ACTIVITY ▸ From the line with "在弹出窗口中选择公开、老友可见或私密权限即可。" to the line with "Hỗn hợp E gồm", output every line below exactly, both ends included. Skip the pictures.

BEGIN SOURCE MATERIAL

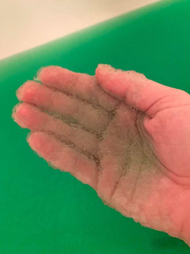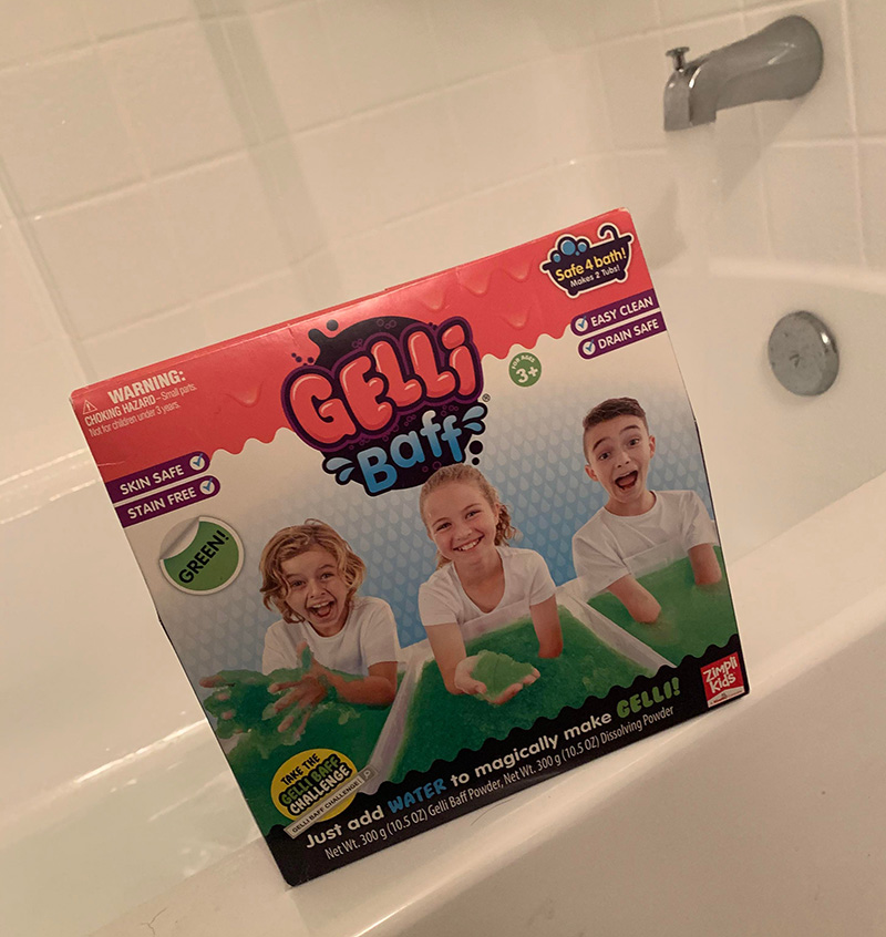 Zoe has been begging me to Gelli Baff for weeks. I kept imaging it would be like slime- the bane of existence and plague of carpets or anything fabric I love in my house. After actually reading the box though, I decided to give it a try and see if the clean-up process was truly as simple as they claimed. The product comes with 2 servings of Gelli Baff and claims it will make a jelly-like Slime in a small amount of bathwater that is fun, safe, not toxic, and easy to clean. We filled the tub up just about 2” of water and added the green powder. After stirring, we let the mixture sit and saw the thin water solidify almost instantly. Together, we dug through the bath-water-now-turned- muck, just laughing at the oddity of it. We then added a bit more water as instructed which gave it a smoother, slimier texture before my daughter jumped in to play. She had a blast and her attention was held for maybe an hour before reckoning was finally near. The clean-up process started by adding Step Two, a white powder that was to be mixed in the slime and resulted with it once again becoming more of a liquid. There was still some spotty, Slime texture to the water, but once I removed the drain and splashed some cold water down the tub, Gelli Baff was gone! Pleasantly surprised by the level of fun we received as well and the simplicity of clean-up.
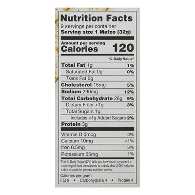 Lightly flavored matzo with onion and a touch of honey. No artificial flavor or color. Comfort food for the soul. Estd 1888. Savory & crisp. Celebrating over 130 years crafting kosher foods. The world's original ancient cracker, simply made with just flour and water. At Manischewitz, we carried the torch forward in bringing matzos to the masses with our world-famous square matzos – a company tradition since 1888. Some things are better unchanged and simple, like matzos - the world's original ancient cracker. Matzo lets your toppings do the talking! The simple, clean flavor and satisfying snap of matzos makes it a versatile backdrop for dips, spreads and creative recipes. Matzo lets your toppings do the talking! The Manischewitz Co. Generations of Kashrus & quality. manischewitz.com. Facebook. Pinterest. (at)manishcewitz. Twitter. Instagram (at)manischewitz.co. Visit us at: manischewitz.com. Enjoy Manischewitz Egg Matzos and other delicious Manischewitz products that are available all year round: Matzo Ball & Soup Mix. Potato Pancake Mix. Gluten Free Noodles. Tam Tam Crackers. Organic Matzo. Broths & Soups. Printed on recycled paperboard. Product of Israel.
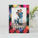 This modern holiday photo card features a colourful bokeh (blurred holiday lights) background with the greeting "JOYFUL" in white on the front. On the back you will find the same bokeh background (which can be removed if desired). Further customise this design by adding a photo and/or text to the back!
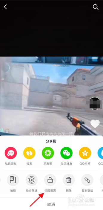 在弹出窗口中选择公开、老友可见或私密权限即可。
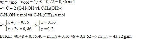 Hỗn hợp E gồm este đơn chức X và este hai chức Y (X, Y đều no, mạch hở). Xà phòng hóa hoàn toàn 40,48 gam E cần vừa đủ 560 ml dung dịch NaOH 1M, thu được hai muối có tổng khối lượng a gam và hỗn hợp T gồm hai ancol có cùng số nguyên tử cacbon. Đốt cháy toàn bộ T, thu được 16,128 lít khí CO2 (đktc) và 19,44 gam H2O. Giá trị của a gần nhất với giá trị nào sau đây?
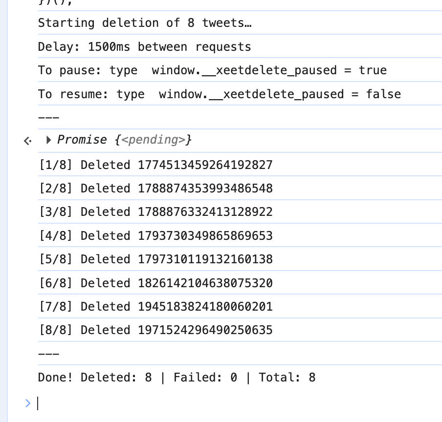 No server, no third-party access, no data leaving your machine. XeetDelete uses your existing logged-in session on x.com. Just paste the generated script into your browser's developer console and it handles the rest — including automatic rate-limit pausing.
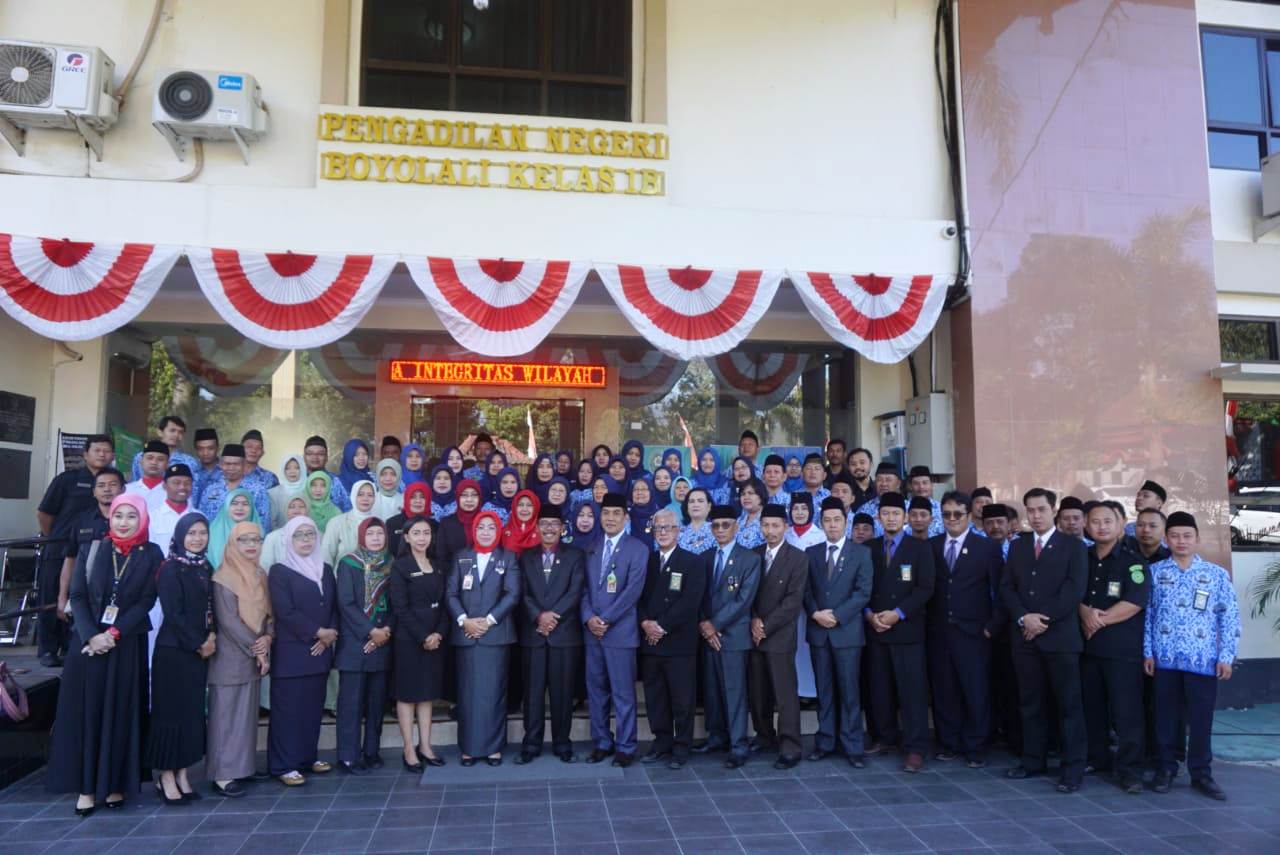 Dalam rangka memperingati HUT ke 74 Republik Indonesia, hari Sabtu tanggal 17 Agustus 2019, segenap keluarga besar Pengadilan Agama dan Pengadilan Negeri Boyolali menyelenggarakan upacara bersama. Seperti tahun - tahun sebelumnya, upacara diadakan di kantor Pengadilan Negeri Boyolali karena memiliki halaman yang luas sehingga dapat menampung peserta upacara dari kedua satker.
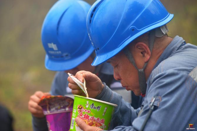 彼时已是下午三点,作业结束,现场的电力抢修工人才在山上草草吃上一顿已经冷透的饭。据相关电力抢修人员介绍,近两天作业到两三点吃上早饭或是吃点干粮已经是很好了,前些天大家都是一顿早点“管”一天。
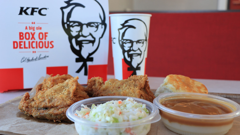 According to The Krazy Coupon Lady, should you find yourself at a place where chicken tenders are served alongside cups of Baja Blast, then you may be inclined to try a few "secret menu hacks." One such "hack," for example, is to order a packet of sour cream from Taco Bell (estimated to be around 70 cents) and then add the sour cream to any potato dish at KFC. For 85 cents, you could also order a side of shredded taco cheese and add that to whatever KFC entrée you choose, be it biscuits, tenders, drumsticks, or the famous bowl.

END SOURCE MATERIAL

RESULT OF THIS TASK ▸
 在弹出窗口中选择公开、老友可见或私密权限即可。
 Hỗn hợp E gồm este đơn chức X và este hai chức Y (X, Y đều no, mạch hở). Xà phòng hóa hoàn toàn 40,48 gam E cần vừa đủ 560 ml dung dịch NaOH 1M, thu được hai muối có tổng khối lượng a gam và hỗn hợp T gồm hai ancol có cùng số nguyên tử cacbon. Đốt cháy toàn bộ T, thu được 16,128 lít khí CO2 (đktc) và 19,44 gam H2O. Giá trị của a gần nhất với giá trị nào sau đây?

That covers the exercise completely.